À noter que ces allégations n’ont pas été officiellement confirmées. Toujours est-il que cela pourrait expliquer pourquoi les troupes russes ont rapidement quitté les lieux hier soir : la Russie a officiellement transféré le contrôle de la centrale au personnel ukrainien. Energoatom — l’entreprise nationale de production d’énergie nucléaire, qui exploite l’ensemble des centrales ukrainiennes — a déclaré que les troupes « avaient paniqué au premier signe de maladie » qui « s’est manifestée très rapidement » et ont commencé à se préparer à partir, rapporte The Guardian.
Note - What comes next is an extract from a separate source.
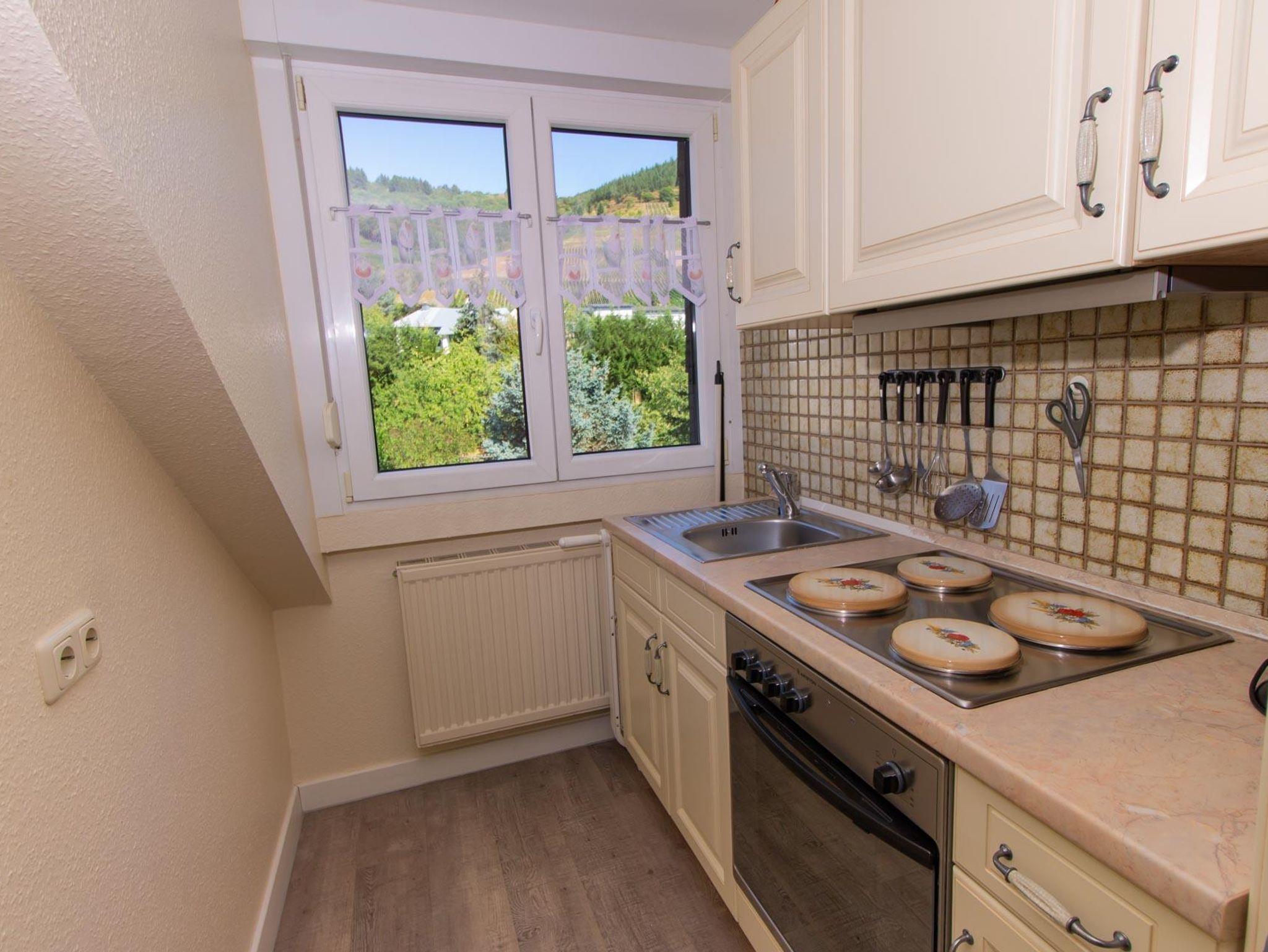 Hübsche neu renovierte Ferienwohnung mit großem Wohnraum, Sitz- und Essecke, Sat-TV (großer Flachbildfernseher), Radio mit CD-Player, kostenloses WLAN Gut ausgestattete Küche mit Backofen, Eierkocher, Toaster u.s.w.

Les forces russes se sont également retirées de la ville voisine de Slavutych, où vivent les travailleurs de la centrale.
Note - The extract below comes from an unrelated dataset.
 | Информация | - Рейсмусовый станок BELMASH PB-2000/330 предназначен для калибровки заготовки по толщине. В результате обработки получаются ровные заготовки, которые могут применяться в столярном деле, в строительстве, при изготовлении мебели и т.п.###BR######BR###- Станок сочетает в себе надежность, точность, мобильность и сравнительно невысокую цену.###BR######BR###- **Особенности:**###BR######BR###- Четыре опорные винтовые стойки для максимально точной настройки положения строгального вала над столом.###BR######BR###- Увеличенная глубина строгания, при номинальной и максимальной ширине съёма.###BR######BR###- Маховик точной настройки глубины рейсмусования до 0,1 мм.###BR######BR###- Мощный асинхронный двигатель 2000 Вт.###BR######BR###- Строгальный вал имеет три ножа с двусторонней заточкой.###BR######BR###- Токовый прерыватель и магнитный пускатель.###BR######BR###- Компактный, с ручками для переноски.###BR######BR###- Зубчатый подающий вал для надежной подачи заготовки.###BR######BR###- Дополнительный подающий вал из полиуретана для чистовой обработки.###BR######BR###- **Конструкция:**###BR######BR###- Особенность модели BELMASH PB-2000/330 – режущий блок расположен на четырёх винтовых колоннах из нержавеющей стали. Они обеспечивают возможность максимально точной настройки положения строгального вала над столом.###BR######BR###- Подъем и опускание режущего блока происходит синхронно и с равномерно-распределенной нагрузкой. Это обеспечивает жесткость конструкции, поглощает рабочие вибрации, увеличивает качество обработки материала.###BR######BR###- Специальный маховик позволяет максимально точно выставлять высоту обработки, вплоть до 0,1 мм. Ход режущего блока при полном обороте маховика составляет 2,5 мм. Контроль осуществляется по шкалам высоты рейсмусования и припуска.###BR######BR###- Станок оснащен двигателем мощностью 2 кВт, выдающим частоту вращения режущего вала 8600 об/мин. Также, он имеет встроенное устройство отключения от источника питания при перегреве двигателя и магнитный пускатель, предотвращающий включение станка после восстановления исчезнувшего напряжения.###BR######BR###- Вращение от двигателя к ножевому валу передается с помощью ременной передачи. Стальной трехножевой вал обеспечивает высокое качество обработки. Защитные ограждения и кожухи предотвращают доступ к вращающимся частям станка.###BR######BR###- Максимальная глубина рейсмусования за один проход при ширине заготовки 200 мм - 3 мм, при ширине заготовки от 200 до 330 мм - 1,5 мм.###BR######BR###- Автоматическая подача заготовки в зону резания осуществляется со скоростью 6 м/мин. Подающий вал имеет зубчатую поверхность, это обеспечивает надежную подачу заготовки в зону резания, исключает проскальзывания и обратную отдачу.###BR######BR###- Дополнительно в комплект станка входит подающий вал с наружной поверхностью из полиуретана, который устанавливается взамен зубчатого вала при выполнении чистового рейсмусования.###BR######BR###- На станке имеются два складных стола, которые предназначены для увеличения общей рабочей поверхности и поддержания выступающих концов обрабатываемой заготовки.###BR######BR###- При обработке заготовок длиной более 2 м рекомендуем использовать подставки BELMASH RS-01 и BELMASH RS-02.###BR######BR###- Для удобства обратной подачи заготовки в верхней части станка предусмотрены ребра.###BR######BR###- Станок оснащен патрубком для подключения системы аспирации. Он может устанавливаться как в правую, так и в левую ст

« En quittant la centrale nucléaire de Tchernobyl, les occupants russes ont pris avec eux des membres de la garde nationale qu’ils retenaient en otages depuis le 24 février », a précisé Energoatom sur son compte Telegram.
Une situation qui reste à éclaircir
Dans un communiqué daté du 31 mars, l’Agence internationale de l’énergie atomique (AIEA) précise qu’elle n’a pas été en mesure de confirmer les informations selon lesquelles les forces russes auraient reçu de fortes doses de rayonnement alors qu’elles se trouvaient dans la zone d’exclusion.
Après plus d’un mois sur les lieux, nombre de ces soldats pourraient effectivement souffrir d’un empoisonnement aux radiations — d’autant plus qu’ils auraient creusé des tranchées dans le sol hautement contaminé. Selon l’Institut de radioprotection et de sûreté nucléaire, il faudrait être exposé pendant une année entière à 114 nanosieverts par heure (nSv/h) pour atteindre la limite d’exposition du public qui est fixée à 1 millisievert par an (mSv/an) en dehors des expositions médicales et naturelles. Pour les travailleurs du nucléaire, la limite réglementaire d’exposition est de 20 mSv/an.
Le 25 février, l’AIEA précisait dans un communiqué que l’organisme de réglementation ukrainien avait noté une augmentation du niveau des rayonnements (vraisemblablement due au passage des véhicules militaires), qui a atteint 9,46 microsieverts par heure — une valeur jugée sans danger pour le public. L’agence a néanmoins cessé de recevoir les données de surveillance du site depuis le 9 mars. C’est pourquoi elle s’emploie actuellement à récolter des informations supplémentaires, afin de fournir une évaluation indépendante de la situation. Elle a également précisé qu’elle s’apprêtait à envoyer sa première mission d’assistance et de soutien à Tchernobyl dans les prochains jours.
Le ministère russe de la Défense n’a, quant à lui, pas répondu aux demandes de commentaire sur l’éventuelle contamination de ses soldats.